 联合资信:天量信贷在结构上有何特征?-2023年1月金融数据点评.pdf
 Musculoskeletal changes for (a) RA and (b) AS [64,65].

...

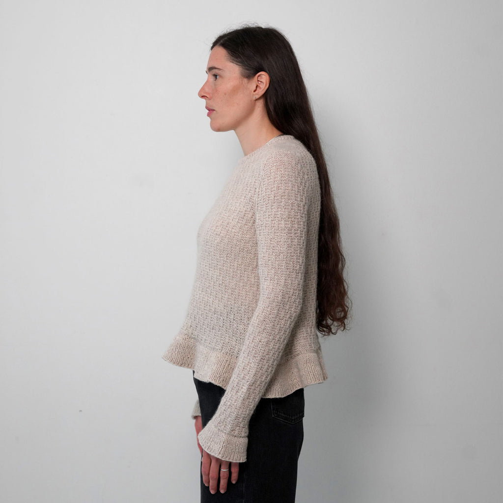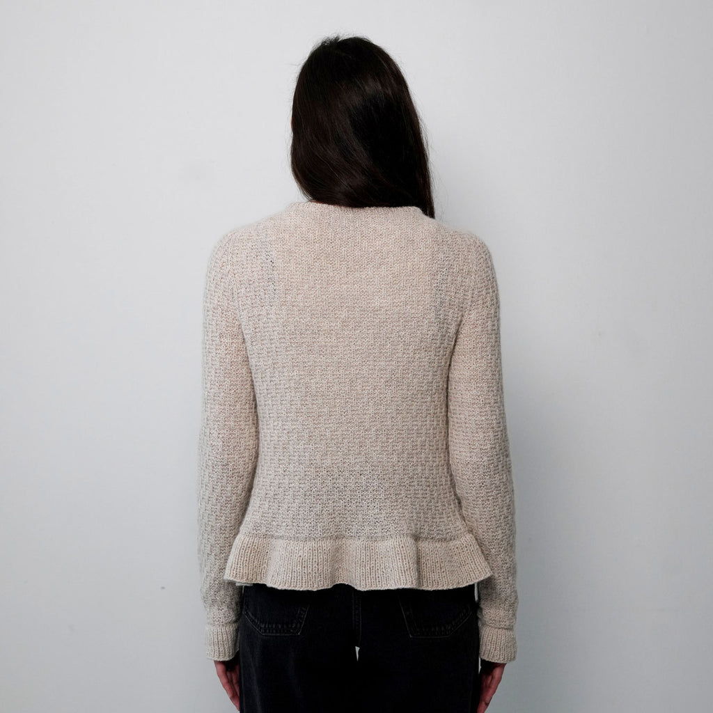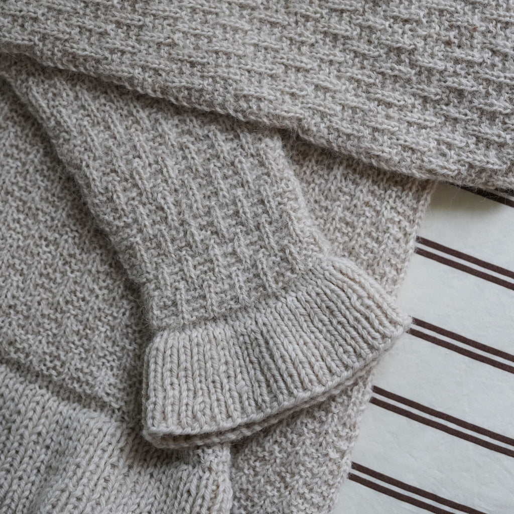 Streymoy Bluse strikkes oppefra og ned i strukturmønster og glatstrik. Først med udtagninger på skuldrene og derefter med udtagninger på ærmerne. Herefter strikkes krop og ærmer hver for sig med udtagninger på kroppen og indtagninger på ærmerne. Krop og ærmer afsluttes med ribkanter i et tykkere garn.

...

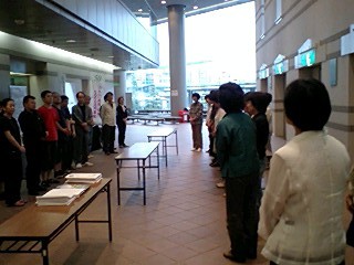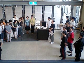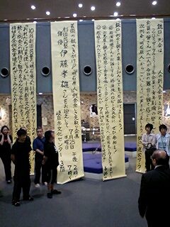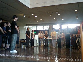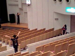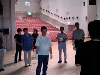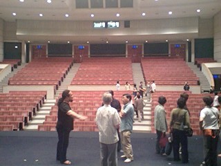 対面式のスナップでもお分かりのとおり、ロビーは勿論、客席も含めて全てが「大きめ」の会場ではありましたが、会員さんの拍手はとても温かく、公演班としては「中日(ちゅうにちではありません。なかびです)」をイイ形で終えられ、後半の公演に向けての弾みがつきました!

● **Instructions for the task**
Would you please write out, exactly and with no other lines, the stretch of the listing above from the line containing "联合资信:天量信贷在结构上有何特征?-2023年1月金融数据点评.pdf" through the line containing "Musculoskeletal changes for"?

● **Task response**
 联合资信:天量信贷在结构上有何特征?-2023年1月金融数据点评.pdf
 Musculoskeletal changes for (a) RA and (b) AS [64,65].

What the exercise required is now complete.